Gregory v. Wendell

39 Mich. 337, 1878 Mich. LEXIS 296
CourtMichigan Supreme Court
DecidedOctober 15, 1878
StatusPublished
Cited by35 cases

This text of 39 Mich. 337 (Gregory v. Wendell) is published on Counsel Stack Legal Research, covering Michigan Supreme Court primary law. Counsel Stack provides free access to over 12 million legal documents including statutes, case law, regulations, and constitutions.

Bluebook
Gregory v. Wendell, 39 Mich. 337, 1878 Mich. LEXIS 296 (Mich. 1878).

Opinion

Marston, J.

Plaintiffs reside in Owosso, and in 1877 were engaged in the purchase of grain and other farm products. Defendants were commission merchants in the city of Detroit.

On the 26th of April, 1877, one of the plaintiffs had a conversation with one of the defendants in the city of Detroit about speculating in corn and wheat. It resulted in plaintiffs directing defendants to purchase for them 20,000 bushels of corn, deliverable at Chicago in June following. It was claimed that defendants thereupon telegraphed to certain commission merchants in Chicago directing the purchase, and received a few minutes thereafter a telegram announcing the purchase of the quantity mentioned and at prices therein named. It was at this time agreed that plaintiffs should send defendants $1000 as a margin upon this purchase, which was done within a few days thereafter. The receipt thereof was acknowledged by defendants and credited to plaintiff’s account.

Other correspondence was had between these parties in reference to this purchase and the condition of the grain markets.

On May 17th plaintiffs wrote defendants suggesting a change from June to July corn, and on the 18th defendants wrote plaintiffs that they had sold the June corn and purchased July corn, and enclosed a statement of account showing a loss to plaintiffs. The receipt of this letter by plaintiffs was on the next day, and a hope expressed that the loss sustained on the June would be got back on the July corn. The market continued to decline. Farther margins were called for but not made. Two car loads of wheat were shipped by plaintiffs to defendants, and by them sold on commission and the proceeds credited to plaintiffs on account.

Action was brought to recover the amount received for this wheat and to recover back the $1000 margin. There was no dispute as to the wheat or its value, and judgment was recovered for the amount thereof. The [339]*339court charged the jury that no part of the $1000 could be recovered. In this it is claimed the court erred, and also in not submitting the question to the jury whether any corn was ever actually purchased.

Gregory, one of the plaintiffs, testified that he never saw any of the corn and that none had ever been delivered to him.

He* also testified that in July certain parties called at his office; that they had an envelope, the contents of which he declined to examine, and there was evidence tending to show that they were there and offered to make him a tender of warehouse receipts for July corn.

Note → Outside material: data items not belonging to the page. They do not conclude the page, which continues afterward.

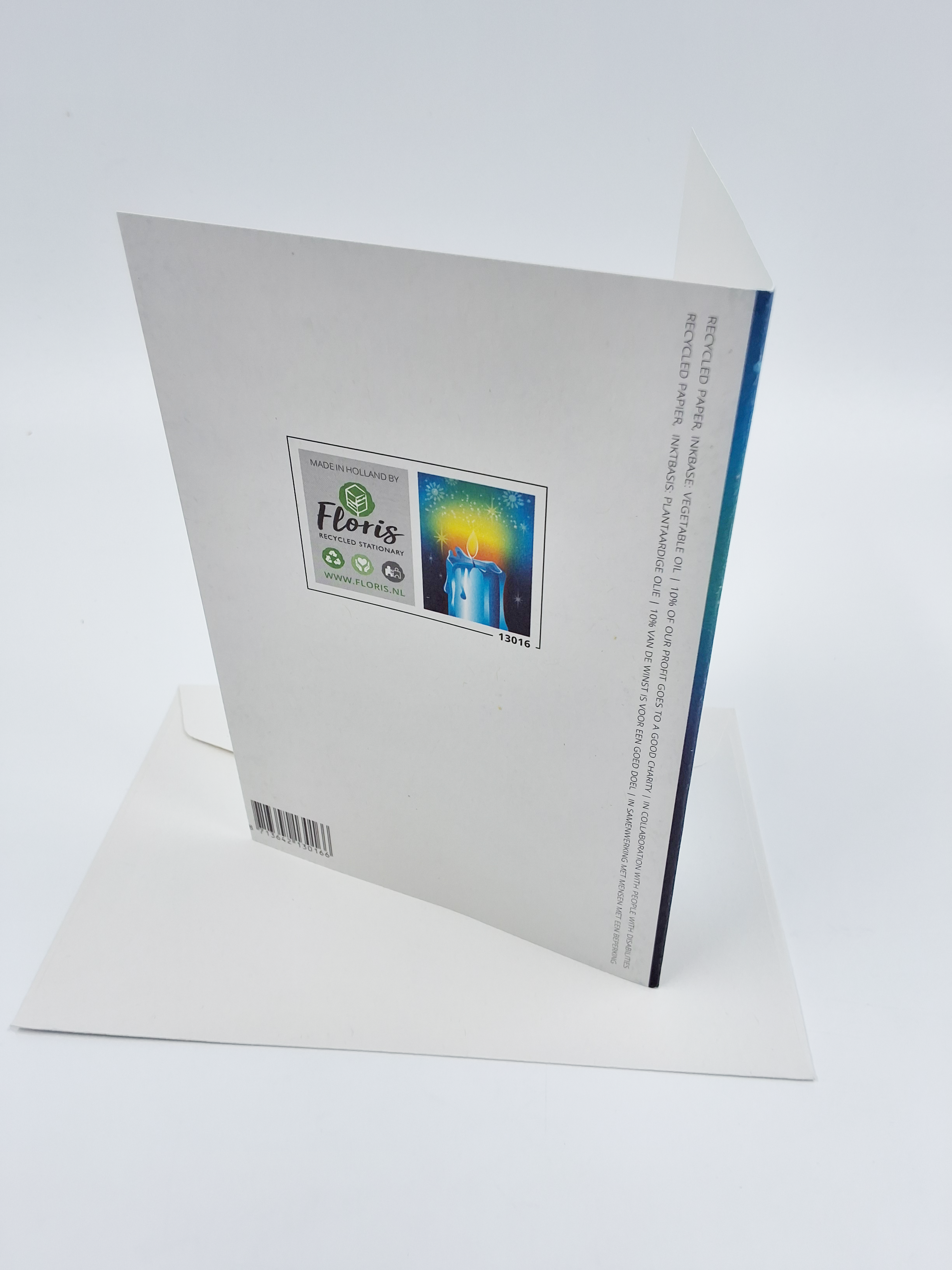 Onze kerstkaarten zijn gemaakt van gerecycled papier en bedrukt met inkt op basis van plantaardige olie.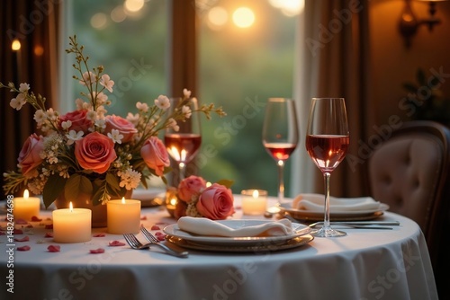 Romantic anniversary dinner setting, candles, flowers, wine , happy, night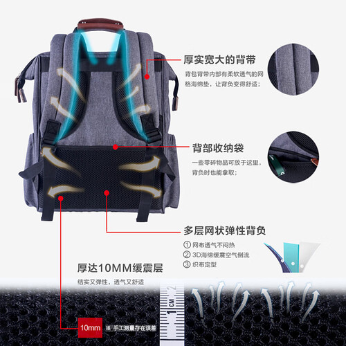 双肩包背部采用多层网状缓震层设计,结实有弹性的同时透气又舒适,久背不闷更不累。外置多口袋造型设计,丰富时尚层次感又实用。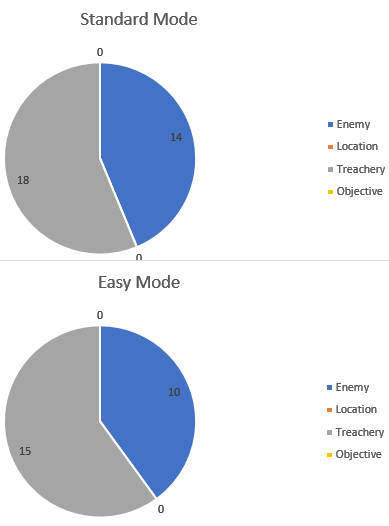 These statistics do not include any of the locations, as they will never enter the encounter deck or discard pile. The Temple Guardian and all objectives are also not included for the same reason. As can be seen in the pie chart, there are no other locations in the encounter deck, making this scenario worthless for cards like The Hidden Way.

There was evidence tending to show that before the commencement of this action defendants were called upon, in the plaintiff’s interest, and requested to produce and show the telegrams in reference to the purchase of the June corn, but that although search was made, they were unable to find them, although such were produced on the trial. A Mr. Thomas, a broker on ’change for Cooley & McHenry of Chicago, testified that he purchased twenty thousand bushels of corn on April 26th; that he and the party from whom he purchased made the usual memorandum of the transaction, which was afterwards, in accordance with the custom, reduced to formal entries on their respective books. The original memorandum and entiles were not produced, and the witness was unable to give the name of the person from whom he purchased the corn, or where it was at the time, or to whom he afterwards sold it. Other evidence was given which it was claimed tended to show that no actual sale of corn had been made.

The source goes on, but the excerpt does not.